Items from a dataset

····················

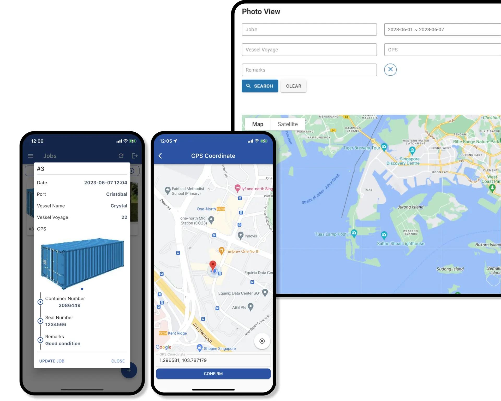 CargoNoteで案件を選んだら、アプリの指示通りに点検作業を実行、写真や情報の入力を実施。
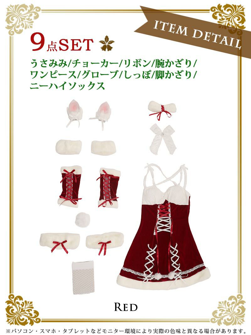 うさ耳サンタで視線を集める サンタコスプレ バニーガールエロかわサンタコスプレ9点セット あいさ あいみん 着用 サンタコスプレ【Ryuyu】(フリーサイズ)(レッド/ピンク/ホワイト)
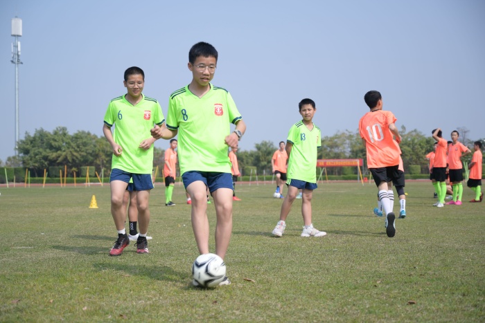 足球場上,李遠(yuǎn)雄、馬慶兩位教練親自上陣為前來觀摩學(xué)習(xí)的港中學(xué)子展示踩踏球、盤斷、傳球、射門、鐘擺等各種足球技能,贏得現(xiàn)場陣陣歡呼喝彩。34名港口中學(xué)足球隊(duì)隊(duì)員和一個(gè)班的學(xué)生,在兩位教練的指導(dǎo)下開展快樂足球課。寬敞整潔的綠茵場上回蕩著兩位教練的諄諄教導(dǎo),追風(fēng)少年,揮灑汗水,彰顯對(duì)足球的熱愛。
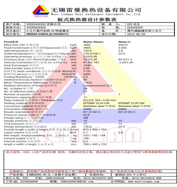 这两点注意能为您减少多损失!下面粉色视频观看高清免费完整先来教您如何看懂可拆式板式粉色视频在线下载选型参数表,以无锡粉色视频观看高清免费完整换热设备有限公司为客户出具的粉色视频在线下载选型参数表为例:
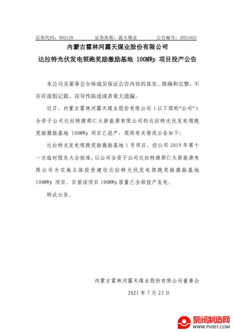 7月24日,露天煤业发布公告称,公司全资子公司达拉特旗那仁太新能源有限公司的达拉特光伏发电领跑奖励激励基地1号项目100MWp项目已投产。
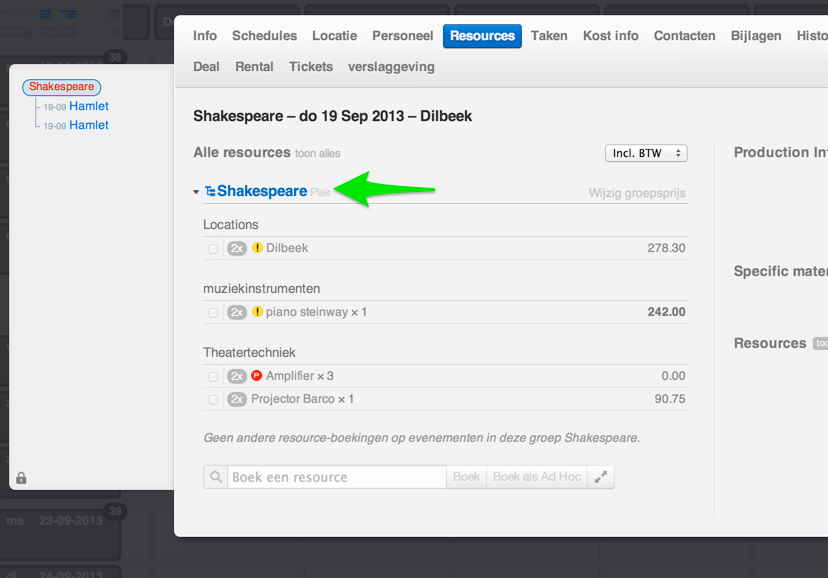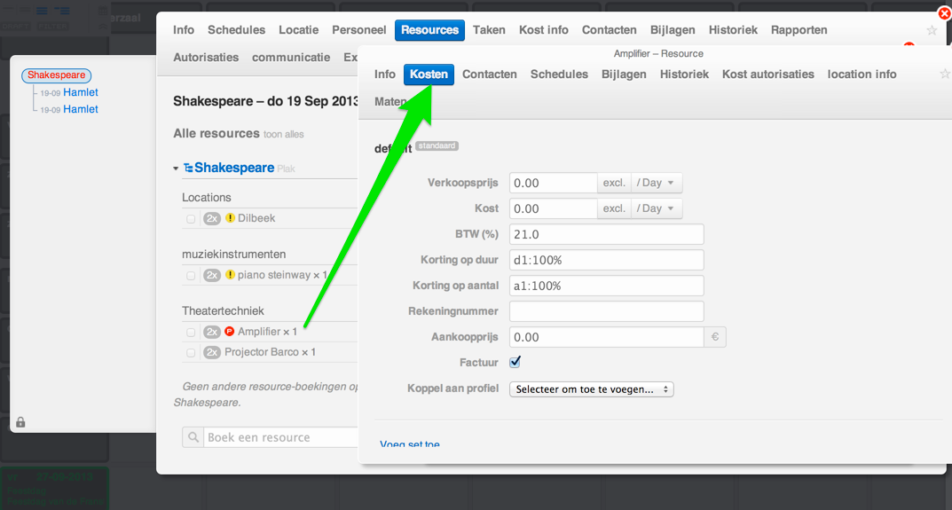 De kostenset met identieke naam zal op de nieuwe resource boeking automatisch actief geplaatst worden indien deze aanwezig is. Deze overeenkomst per naam is conform de werking van het selecteren van een kostenset voor alle boekingen op een evenement of evenementgroep. Zie ook verder in dit document de nieuwe functionaliteit om de namen van kostensets te beheren.

····················

TASK PROMPT — Please give back an exact copy of the entries above from their first line through the line containing "这两点注意能为您减少多损失!", leaving the pictures aside.

ANSWER FOR THIS EXERCISE —
 CargoNoteで案件を選んだら、アプリの指示通りに点検作業を実行、写真や情報の入力を実施。
 うさ耳サンタで視線を集める サンタコスプレ バニーガールエロかわサンタコスプレ9点セット あいさ あいみん 着用 サンタコスプレ【Ryuyu】(フリーサイズ)(レッド/ピンク/ホワイト)
 足球場上,李遠(yuǎn)雄、馬慶兩位教練親自上陣為前來觀摩學(xué)習(xí)的港中學(xué)子展示踩踏球、盤斷、傳球、射門、鐘擺等各種足球技能,贏得現(xiàn)場陣陣歡呼喝彩。34名港口中學(xué)足球隊(duì)隊(duì)員和一個(gè)班的學(xué)生,在兩位教練的指導(dǎo)下開展快樂足球課。寬敞整潔的綠茵場上回蕩著兩位教練的諄諄教導(dǎo),追風(fēng)少年,揮灑汗水,彰顯對(duì)足球的熱愛。
 这两点注意能为您减少多损失!下面粉色视频观看高清免费完整先来教您如何看懂可拆式板式粉色视频在线下载选型参数表,以无锡粉色视频观看高清免费完整换热设备有限公司为客户出具的粉色视频在线下载选型参数表为例:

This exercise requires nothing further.